- _EXERCISE DESCRIPTION_: Take the line containing "特征:全等图形的对应边相等、对应角相等(后续全等三角形性质的基础)。" and every line after it to the end of the material below; reproduce them exactly, without pictures.

═════ INPUT

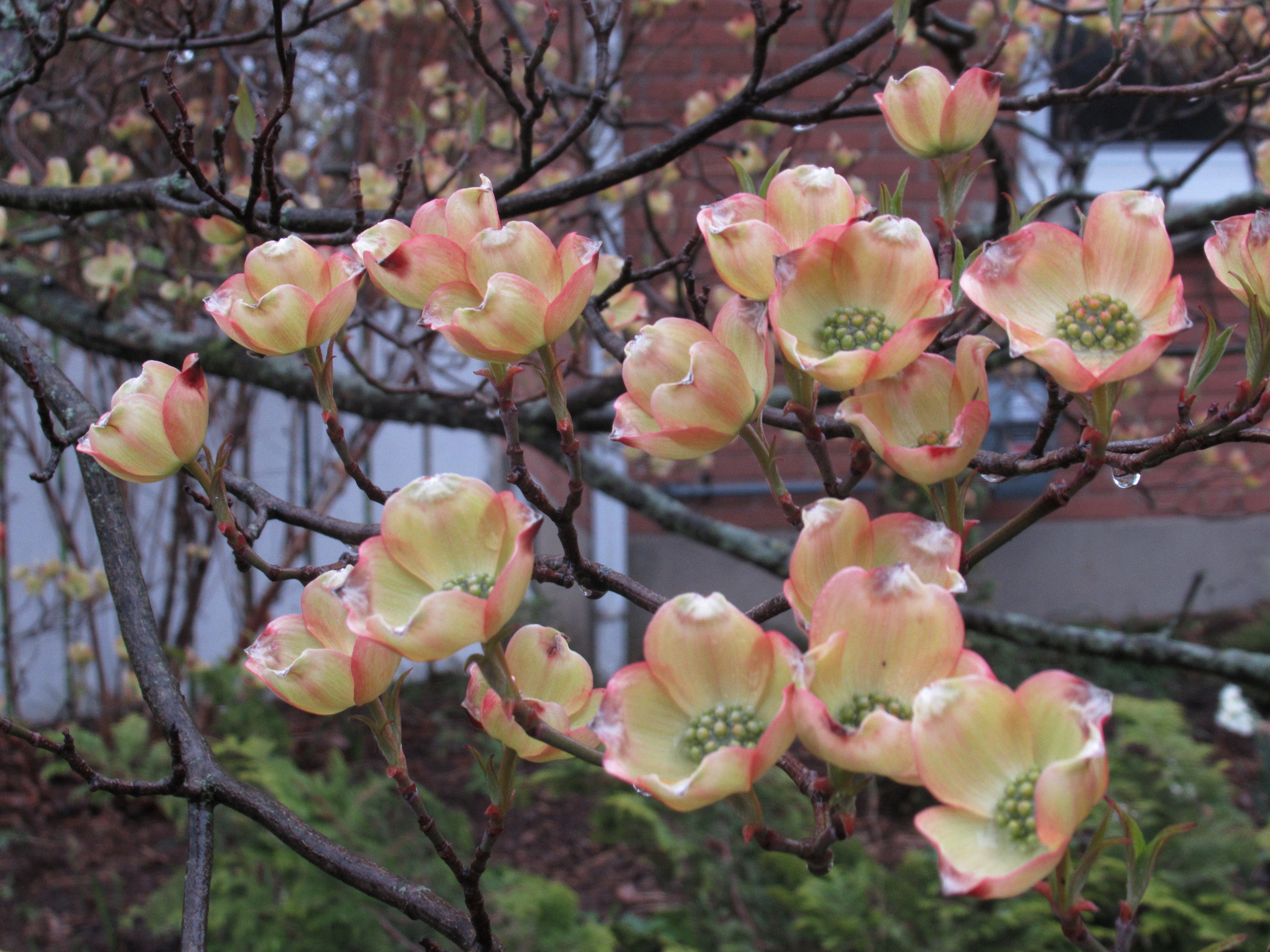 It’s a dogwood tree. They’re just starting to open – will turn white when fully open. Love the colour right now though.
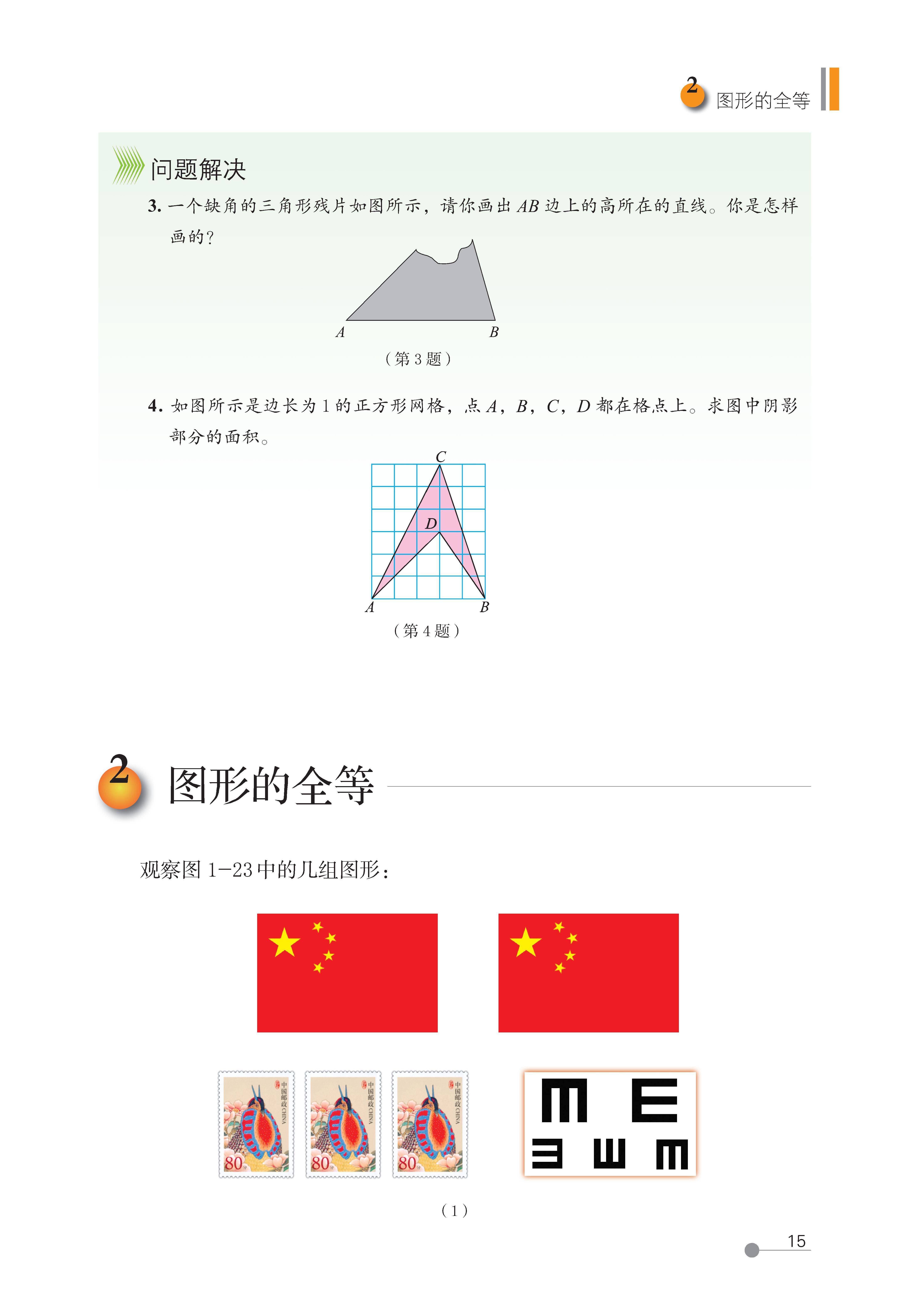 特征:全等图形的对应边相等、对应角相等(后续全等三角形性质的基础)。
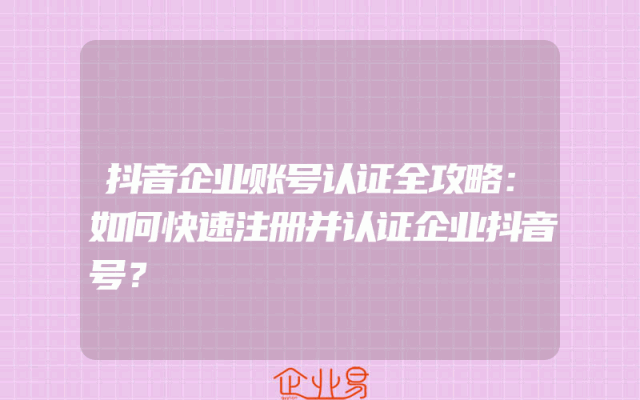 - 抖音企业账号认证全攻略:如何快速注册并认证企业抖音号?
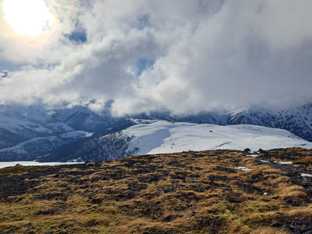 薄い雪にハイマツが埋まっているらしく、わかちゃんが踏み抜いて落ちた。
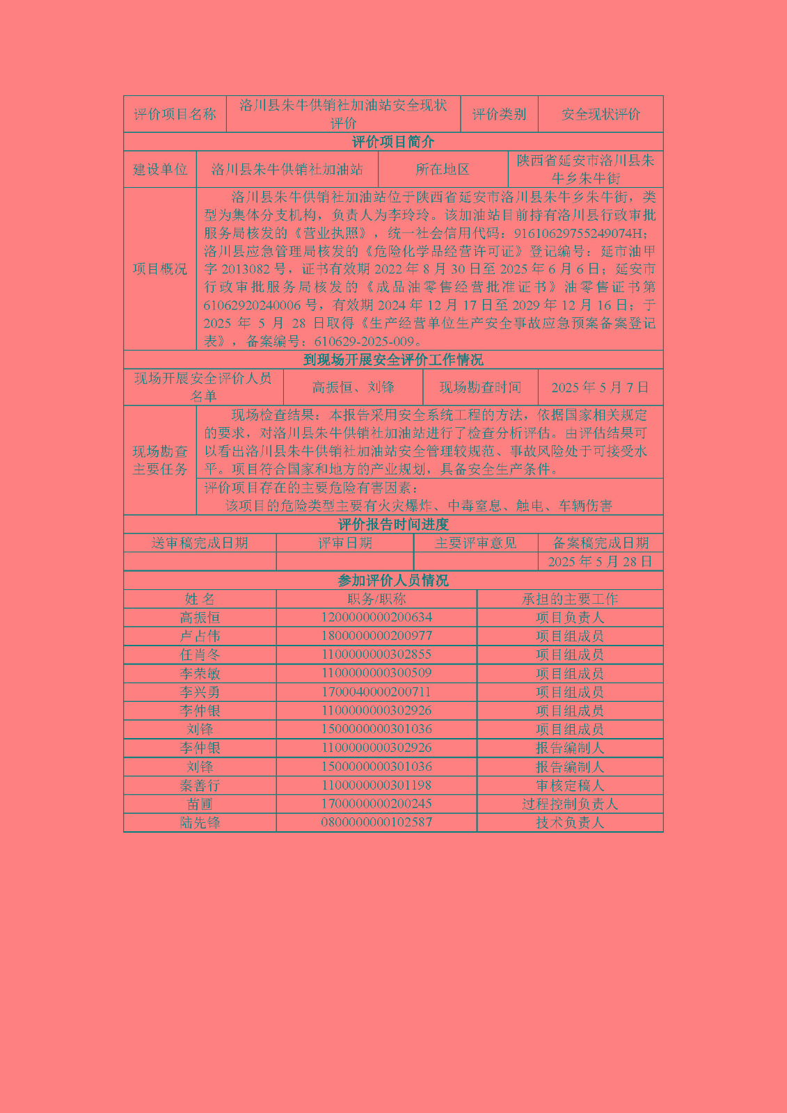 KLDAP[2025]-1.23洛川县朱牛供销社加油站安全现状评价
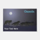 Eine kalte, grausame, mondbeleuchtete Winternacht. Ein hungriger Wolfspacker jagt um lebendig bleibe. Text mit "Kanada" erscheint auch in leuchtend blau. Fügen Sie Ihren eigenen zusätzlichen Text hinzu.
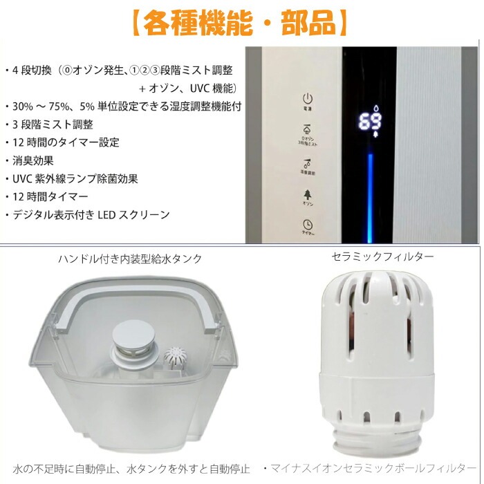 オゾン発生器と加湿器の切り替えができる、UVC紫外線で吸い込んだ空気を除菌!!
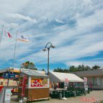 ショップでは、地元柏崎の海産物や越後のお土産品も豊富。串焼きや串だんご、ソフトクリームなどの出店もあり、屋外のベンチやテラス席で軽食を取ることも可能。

══════════

- _COMPLETED EXERCISE_:
 特征:全等图形的对应边相等、对应角相等(后续全等三角形性质的基础)。
 - 抖音企业账号认证全攻略:如何快速注册并认证企业抖音号?
 薄い雪にハイマツが埋まっているらしく、わかちゃんが踏み抜いて落ちた。
 KLDAP[2025]-1.23洛川县朱牛供销社加油站安全现状评价
 Eine kalte, grausame, mondbeleuchtete Winternacht. Ein hungriger Wolfspacker jagt um lebendig bleibe. Text mit "Kanada" erscheint auch in leuchtend blau. Fügen Sie Ihren eigenen zusätzlichen Text hinzu.
 オゾン発生器と加湿器の切り替えができる、UVC紫外線で吸い込んだ空気を除菌!!
 ショップでは、地元柏崎の海産物や越後のお土産品も豊富。串焼きや串だんご、ソフトクリームなどの出店もあり、屋外のベンチやテラス席で軽食を取ることも可能。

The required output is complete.